Minas Gerais, which translates to “General Mines” in English, has 19.6 million people and covers an area bigger than California, but smaller than Texas. It is Brazil’s third-largest economy, out of 27 states, after Sao Paulo and Rio de Janeiro.
Other industrial companies with operations there include Anglo American, Fiat, Vale and Usiminas. Its mines produce about a fifth of the world’s seaborne iron-ore exports.
Werneck said there was enough demand to increase Cemig’s current natural gas deliveries by 10 times, if only there was more supply.
“We are now importing gas from Bolivia, which has established a minimum price that is too high,” she said ahead of a meeting with investors in San Francisco, California.

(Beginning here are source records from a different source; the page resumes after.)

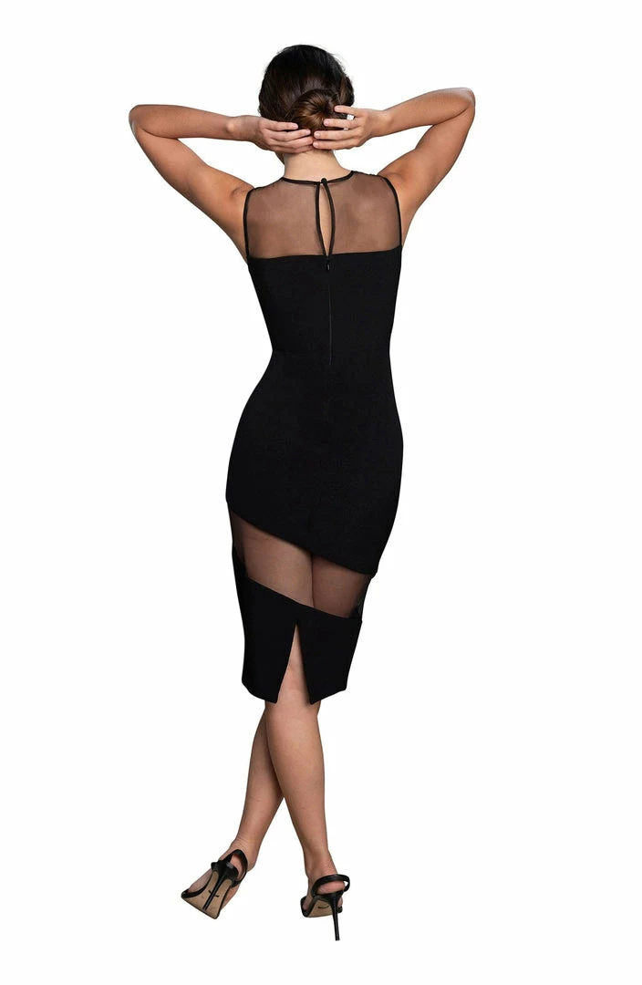 Mixed media high neck bodycon midi dress with carefully placed sheer inserts.
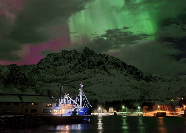 Natten sänkte sig över oss. M/S Stockholm låg vid piren i den lilla byn Sør-Tverrfjord. Efter att ha strosat runt i det lugna lilla samhället satt gästerna bekvämt tillbakalutade i den pittoreska salongen ombord.
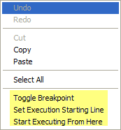 If you right-click in the SQL commands editor, the following menu will appear. You can Toggle Breakpoints, Set Execution Start, and Start Execution on the line you clicked on:
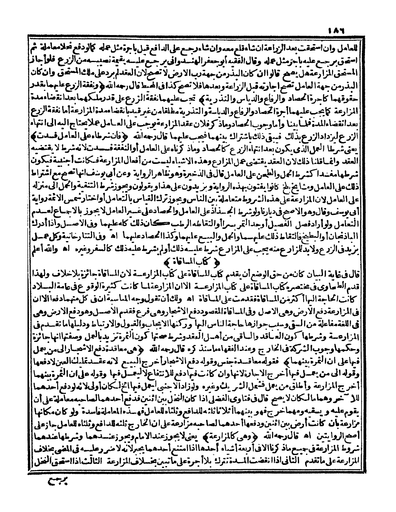 (كِتَابُ الْمُسَاقَاةِ) قَالَ: فِي غَايَةِ الْبَيَانِ كَانَ مِنْ حَقِّ الْوَضْعِ أَنْ يُقَدَّمَ كِتَابُ الْمُسَاقَاةِ عَلَى كِتَابِ الْمُزَارَعَةِ لِأَنَّ الْمُسَاقَاةَ جَائِزَةٌ بِلَا خِلَافٍ وَلِهَذَا قَدَّمَ الطَّحَاوِيُّ فِي مُخْتَصَرِهِ كِتَابَ الْمُسَاقَاةِ عَلَى كِتَابِ الْمُزَارَعَةِ إلَّا أَنَّ الْمُزَارَعَةَ لَمَّا كَانَتْ كَثِيرَةَ الْوُقُوعِ فِي عَامَّةِ الْبِلَادِ كَانَتْ الْحَاجَةُ إلَيْهَا أَكْثَرَ مِنْ الْمُسَاقَاةِ فَقُدِّمَتْ عَلَى الْمُسَاقَاةِ اهـ.

Cemig, which owns 60 percent of gas distribution company Gasmig while Petrobras holds the rest, also believes residential consumption of natural gas could grow, and it is now building out infrastructure for 60,000 households.
Apart from selling it directly, Cemig also expects natural gas-fired power will represent the bulk of its growth given the lack of potential hydropower expansion in the Amazon rainforest.
“Currently, the reservoirs are enough to supply the market for the next two years,” Rolla said. “Some years ago, they were enough for five years.”
China is a growing competitor for Cemig and others, with State Grid Corp of China agreeing just last week to buy Brazilian electricity transmission assets from Spanish builder ACS.
A Chinese company also ended up winning an auction for a stake in Portuguese utility EDP, which Cemig had been looking to buy.
“Apparently the returns they required for their investments are pretty low,” Rolla said. “That is a big red signal for us.”
Nonetheless, Cemig would continue to try to engage the Chinese as partners. “The best way to beat a competitor is to be a partner,” Werneck said with a laugh.